Times of refreshing here in Your presence
No greater blessing than being with You
My soul is restored, my mind is renewed
There’s no greater joy, LORD, than being with You
From November 17-19, I was blessed to be given the opportunity to take part in the National Prayer Gathering at the Waterfront Hotel in Cebu. It was indeed a life-changing experience. It wasn’t in the grandeur of the event or the joy of fellowshipping with fellow believers that made the experience so memorable (although admittedly, those factors were awesome bonuses). It was in those precious moments at the wee hours of the morning and those still evenings as we retired to our respective rooms – those moments when His presence was real and personal and felt. Those moments are what made this event memorable to me.
More than the little Cebu and Bohol trinkets and the sweet, fun photos, it is the feeling of His indwelling presence that I am carrying back home with me.
Oh, to sense Him! What Christian’s heart would not leap at the thought of it!
One of the key issues tackled during the event was our pursuit of God, our quest to have a more intimate relationship with our Savior, our journey to see His face and hear His voice. It is paradoxical how simple in theory, but how utterly complex in application this quest is. The mind races off in advance even before the heart, the soul, the flesh is completely prepared to handle the consequences. The mind races off to say “Yes!” with a heart that is indeed willing, while the soul, the flesh gears itself for the pain dying to self will bring about. Still… His grace abounds, and because of that, the answer will remain “Yes!”
The Lord stands witness to the contents of my heart.

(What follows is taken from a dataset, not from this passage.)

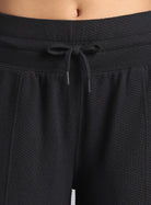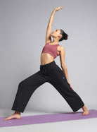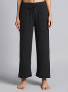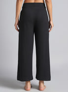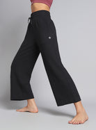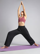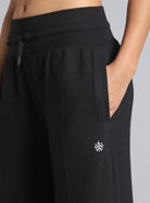 Stretch with ease in the Women's Black Yoga Flow Wide Leg Pants, designed for effortless comfort and style. Made from textured fabric that adds a sleek finish while keeping you comfortable through every move. The high waist offers a secure, flattering fit, while the adjustable drawcord lets you personalise your comfort. The relaxed fit creates a laid-back silhouette, and the side pockets keep your essentials close at hand.
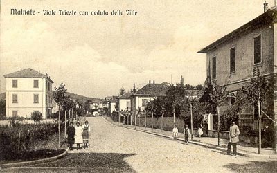 Vista del viale, appena sistemato e alberato, dall'incrocio con via Matteotti e il piazzale della Stazione delle Ferrovie Nord (anni '20) - collezione A. Ambrosetti

He knows my desire to completely be His, and by faith, I am holding on to His promise that by His blood, indeed I have been redeemed. My heart soars with anticipation even as I dare to imagine what He has in store, praying that I never lose sight of the fact that it is all Him and I am but a vessel made to contain His glory. I am nothing apart from Him; thus, I have nothing to boast of apart from Him.
I wait for Him. I wait on Him. I wait, but more than that, I long. I anticipate. I pine…
For that sweet day when I will see His face, and hear Him say, “Yes, my daughter, you are indeed Mine.”
But while I wait, here I am, in pursuit… yearning… chasing… for those times of refreshing spent with Him.